Traditional Agent-Based Software Testing (ABST)

Development Timeline: Received attention since 1999; achieved significant peak in the past decade
Application Focus: Primarily emphasizes system-level testing; Java as main target language
Representative Works:
- Automated testing framework for web systems (multi-agent collaboration)
- Industrial coffee machine testing (fuzzy logic priority sorting)

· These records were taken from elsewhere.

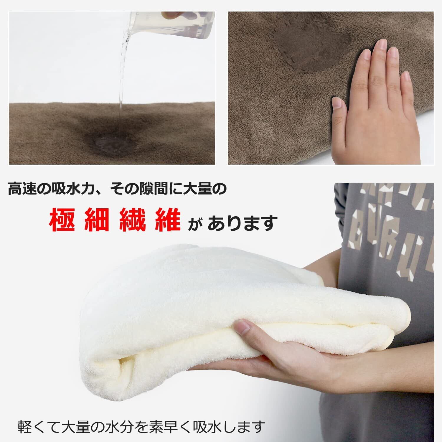 【抜群な吸水力】マイクロファイバーで作られていますので、吸水力は綿より3倍以上勝るという誇りの性能を持つ。繊維に多くの隙間があり、直径8マイクロメートル以下、髪の毛の100分の1以下という細さです。なめらかな手触りと速乾性能や吸水性能の高さが光るポイント。身体を包み込むように羽織るだけでしっかり吸水します。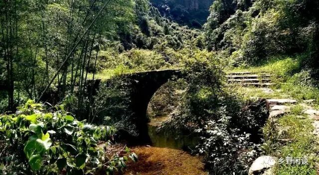 穿过古道入口不远处的竹林,即进入一段逼仄的峡谷。峡谷两边,山峰壁立,壁立的山峰又绵延成片,势如刀劈。蜿蜒跌宕的溪水在谷底的“夹缝”中缠绕着大大小小的卵石,从崖壁下来的雨水将缘溪而建的古道冲洗得干干净净,没有丁点尘土。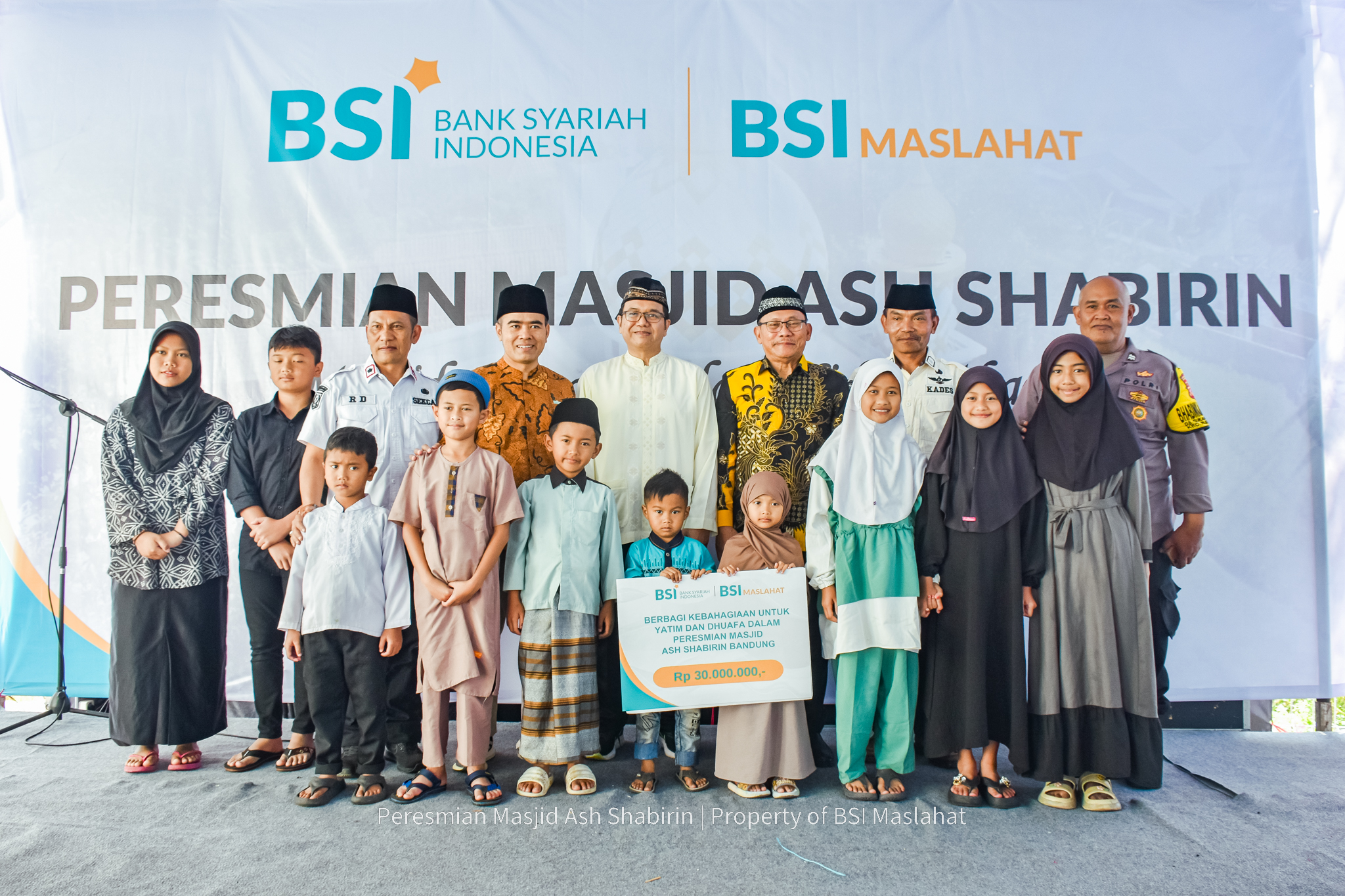 Bandung, 7 Agustus 2024. BSI Maslahat meresmikan pembangunan Masjid Ash-Shabirin di Desa Cukanggenteng, Jalan Raya Ciwidey Bandung. Pembangunan masjid ini berasal dari dana wakaf muqayyad atas nama Alm. H. Drs. Sabardi Berth Bin H. Ono K. Martawidjaja. Peresmian ini dilaksanakan untuk memperkenalkan Masjid Ash Shabirin kepada masyarakat, selain itu juga untuk meningkatkan kesadaran akan literasi wakaf, serta memberikan manfaat luas bagi masyarakat sekitar melalui Masjid.

LLM-Enhanced Software Testing

Industry Survey: 48% of practitioners have integrated LLMs into testing activities
Application Domains: Requirements analysis, test plan development, test automation
Common Tools: ChatGPT, GitHub Copilot
Research Trends: Analysis of 102 related papers shows LLMs have significant value in test case generation, assertion creation, and other areas

Conclusions and Discussion

Main Conclusions

High Success Rate: LLM-driven agents demonstrate excellent performance in automated software testing, achieving 100% success rate on Python projects
High Coverage: Average test coverage exceeds 93%, demonstrating the effectiveness of generated test cases
Efficiency Improvement: Significantly reduces manual intervention, achieving end-to-end automation from test generation to reporting
Language Adaptability: Framework successfully supports two mainstream programming languages: Python and Java

Limitations

Java Project Stability: Relatively high failure rate in Java execution; requires improvement in natural language processing and syntax accuracy
Testing Scope Restriction: Currently focuses only on unit testing; lacks integration and system-level testing
Visualization Capabilities: While call graphs are useful, advanced features such as heat map coverage are lacking
Input Dependency: Sensitive to prompt quality; ambiguous prompts may lead to failures

Future Directions

Extend Testing Types: Introduce support for integration and system-level testing
Enhance Language Support: Expand to more programming languages
Improve Visualization: Add defect propensity heat map coverage
Requirements Integration: Incorporate requirements specification documents as prompt input to improve precision
Error Handling: Improve handling of ambiguous prompts and error recovery mechanisms

In-Depth Evaluation

Strengths

Strong Innovation: First systematic combination of LLM with multi-agent architecture for end-to-end software testing automation
High Practical Value: Addresses real pain points in software testing domain with strong engineering application value
Comprehensive Evaluation: Cross-language, multi-project assessment with convincing results
Clear Architecture: Well-designed high and low-level architecture with high modularity, facilitating extension and maintenance

Weaknesses

Limited Testing Scope: Supports only unit testing; cannot meet complete software testing requirements
Insufficient Error Analysis: Limited in-depth analysis of Java project failure causes
Missing Benchmark Comparisons: Lacks detailed comparison with existing automated testing tools
Unverified Scalability: System scalability not validated on large, complex projects

Impact

Academic Contribution: Provides new research direction for LLM applications in software engineering
Practical Value: Can be directly applied to software development processes to improve testing efficiency
Technology Promotion: Demonstrates enormous potential of LLMs in automated testing domain
Reproducibility: Detailed architecture description facilitates reproduction and improvement by other researchers

Applicable Scenarios

Small to Medium Projects: Particularly suitable for projects with code scale under several hundred lines
Unit Test Automation: Can significantly reduce manual unit test writing work
Rapid Prototype Validation: Suitable for scenarios requiring quick test case generation
Education and Training: Applicable to software testing teaching and training scenarios

References

The paper cites 13 important references covering traditional ABST methods, LLM applications in software testing, and fundamental software testing theory, providing solid theoretical foundation for the research.

Overall Assessment: This is a research paper of significant value at the intersection of software engineering and artificial intelligence. Despite certain limitations, its innovative methodology and practical results open new directions for LLM applications in software test automation, demonstrating good academic value and practical prospects.